So banks do risk management seriously now, but also this is done at a national level. Even the UK government is talking about risk management. So this here is the cover of the 2020 UK National Risk Register. So what sort of things do you think the UK government worries about? Well, here are a few of them from the risk register. I'm not going to go through all of these, but it's the kind of disasters you'd expect, right? Storms, heat waves, cyber attacks, and then they have a go at estimating the likelihood of those risks and the costs, where the cost is not just financial, but also in terms of lives. For example, major fires, number 36, this report gives it the probability of between five and 25 in 500 chance of happening each year. And they go on to estimate the costs of that in terms of lives and money.

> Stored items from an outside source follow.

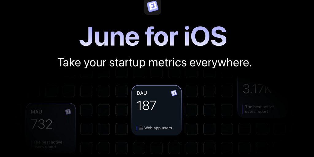 Introducing June for iOS. The easiest way to take your startup metrics, on the go 🏃♂️ ⚡️ Fast and easy to set up (< 2 minutes) 👶 No expertise required 📚 Out-of-the-box templates 📱 iOS widget for iPho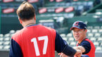 [OSEN=대전, 이동해 기자] 29일 오후 대전 한화생명이글스파크에서 열릴 예정인 '2018 신한은행 MY CAR KBO리그' 한화 이글스와 롯데 자이언츠의 경기에 앞서 롯데 조원우 감독이 채태인을 바라보며 미소 짓고 있다. / eastsea@osen.co.kr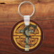 A round, traditional Celtic ornament as a background with a celtic stone cross and a green eastern dragon winding around it. A unique fantasy art design, and a great gift for dragonlovers and fantasy art fans.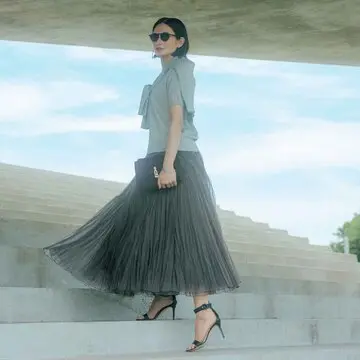 スカート¥48,400/Chaos GINZA SIX(カオス) ブラウス¥35,200/オーヴィル カスタマーサービス(オーヴィル) サングラス¥53,900/ルックスオティカジャパンカスタマーサービス(オリバーピープルズ) ピアス¥155,100・バングル¥985,600/ヒロタカ 表参道ヒルズ(ヒロタカ) ストール¥26,400/アイネックス(アソース メレ) バッグ¥115,500/ブルーベル・ジャパン[ファッション事業本部](ワンドラー) 靴¥82,500/アマン(ペリーコ)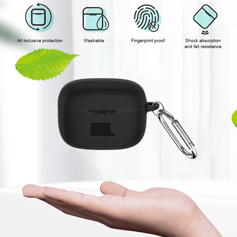 Funda protectora de silicona para auriculares inalámbricos, funda antipolvo para auriculares con gancho para JBL Tune 130NC TWS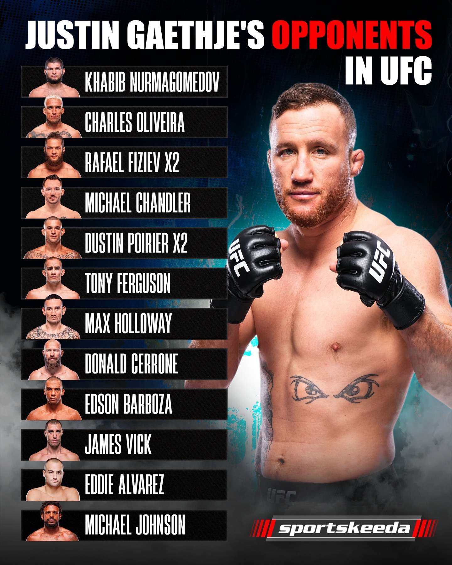 Из-за пробелов в борьбе Джастину не удалось стать полноценным чемпионом UFC. Однако фанаты любят его за активный стиль, агрессию и зрелищные поединки. Он получил 15 бонусов за "Лучший бой" за карьеру, трижды побеждал в номинации "Бой года" (2017, 2021, 2024) и стал первым бойцом в истории UFC, дважды завоевав временный пояс.

So my thinking is why can't we do the same thing for software projects? Just as the UK government and banking apply a divide and conquer approach to managing project risks, can't we do the same? So here I set about breaking down the various risks we face on software projects. I've got a few of them on this slide. So first up, communication risk. We see communication risk between people and between systems. Important messages go missing or are misunderstood or ignored. Complexity risk. The more code we own, the more complicated the systems we build, the more likely they are to go wrong or contain bugs. And that's true of software systems and any process just involving people. Coordination risk. When you've got a lot of people working together or processes working together, how do you coordinate them so they don't step on each other's toes? Like maybe two sets of people working on the same file at the same time. And we face this problem with our systems when we have multiple processes trying to write to the same data. And operational risk. We've already talked about this with the banks, but it's a really important problem for all IT. What happens when the servers go down? Maybe a form stops working on your website. Even people being ill or off work can turn into operational risks. How do we catch those and deal with them quickly?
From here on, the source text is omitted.